Prompt: Every entry must reappear in your answer exactly as written, though its pictures must not.

[Given records — start]

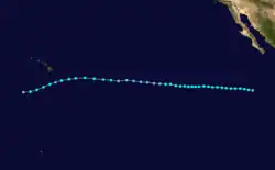 The 1983 Pacific hurricane season was the longest season ever recorded at that time. It was a very active Pacific hurricane season. The season started on May 15, 1983 in the eastern Pacific, and on June 1, 1983 in the central Pacific, and lasted until November 30, 1983. These dates conventionally delimit the period of each year when most tropical cyclones form in the northeastern Pacific Ocean.[1] During the 1983 season, there were 20 named storms, which was slightly less than the previous season. Furthermore, twelve of those storms became hurricanes. And eight of the storms reached major hurricane status, or Category 3 or higher on the Saffir–Simpson hurricane wind scale (SSHWS). The decaying 1982–83 El Niño event likely contributed to this level of activity. That same El Niño influenced a very quiet Atlantic hurricane season.
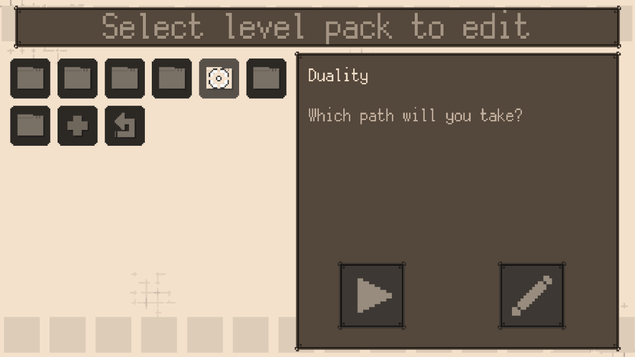 After clicking on “Level Editor” when you start the game, you should eventually get to this screen. The plus sign is to create a new level to start editing. Existing levels appear as folder icons. Clicking on the folder icon should bring up the level’s name and description. The play icon starts the level for you to play. The pencil icon lets you edit the level.
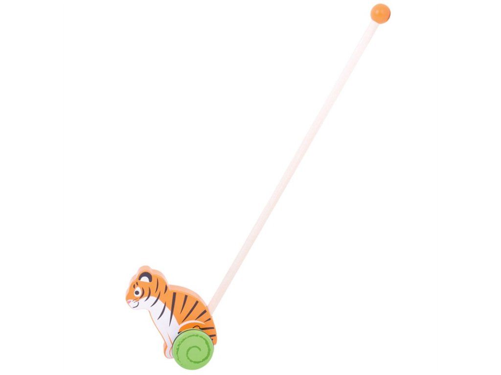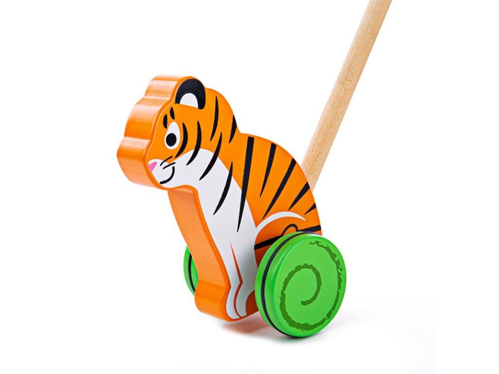 Rovnováha a pohyb sú zručnosti, ktoré deťom tento tiger na kolieskach pomôže rozvíjať. Držadlo je zakončené guľôčkou, takže ho dieťa ľahko uchopí a môže tigra strkať alebo ťahať doma aj vonku.
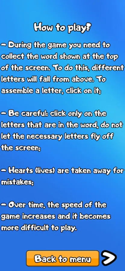 - During the game you need to collect the word shown at the top of the screen. To do this, different letters will fall from above. To assemble a letter, click on it;
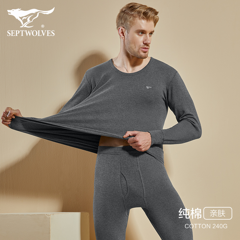 Seven Wolves Pure Cotton Autumn Clothing Sanitary Pants Suit Men's Thin calorific clothes Bottoms Full Cotton Sweatshirt Autumn Clothes Pants Winter

[Given records — finish]

Result below:
 The 1983 Pacific hurricane season was the longest season ever recorded at that time. It was a very active Pacific hurricane season. The season started on May 15, 1983 in the eastern Pacific, and on June 1, 1983 in the central Pacific, and lasted until November 30, 1983. These dates conventionally delimit the period of each year when most tropical cyclones form in the northeastern Pacific Ocean.[1] During the 1983 season, there were 20 named storms, which was slightly less than the previous season. Furthermore, twelve of those storms became hurricanes. And eight of the storms reached major hurricane status, or Category 3 or higher on the Saffir–Simpson hurricane wind scale (SSHWS). The decaying 1982–83 El Niño event likely contributed to this level of activity. That same El Niño influenced a very quiet Atlantic hurricane season.
 After clicking on “Level Editor” when you start the game, you should eventually get to this screen. The plus sign is to create a new level to start editing. Existing levels appear as folder icons. Clicking on the folder icon should bring up the level’s name and description. The play icon starts the level for you to play. The pencil icon lets you edit the level.
 Rovnováha a pohyb sú zručnosti, ktoré deťom tento tiger na kolieskach pomôže rozvíjať. Držadlo je zakončené guľôčkou, takže ho dieťa ľahko uchopí a môže tigra strkať alebo ťahať doma aj vonku.
 - During the game you need to collect the word shown at the top of the screen. To do this, different letters will fall from above. To assemble a letter, click on it;
 Seven Wolves Pure Cotton Autumn Clothing Sanitary Pants Suit Men's Thin calorific clothes Bottoms Full Cotton Sweatshirt Autumn Clothes Pants Winter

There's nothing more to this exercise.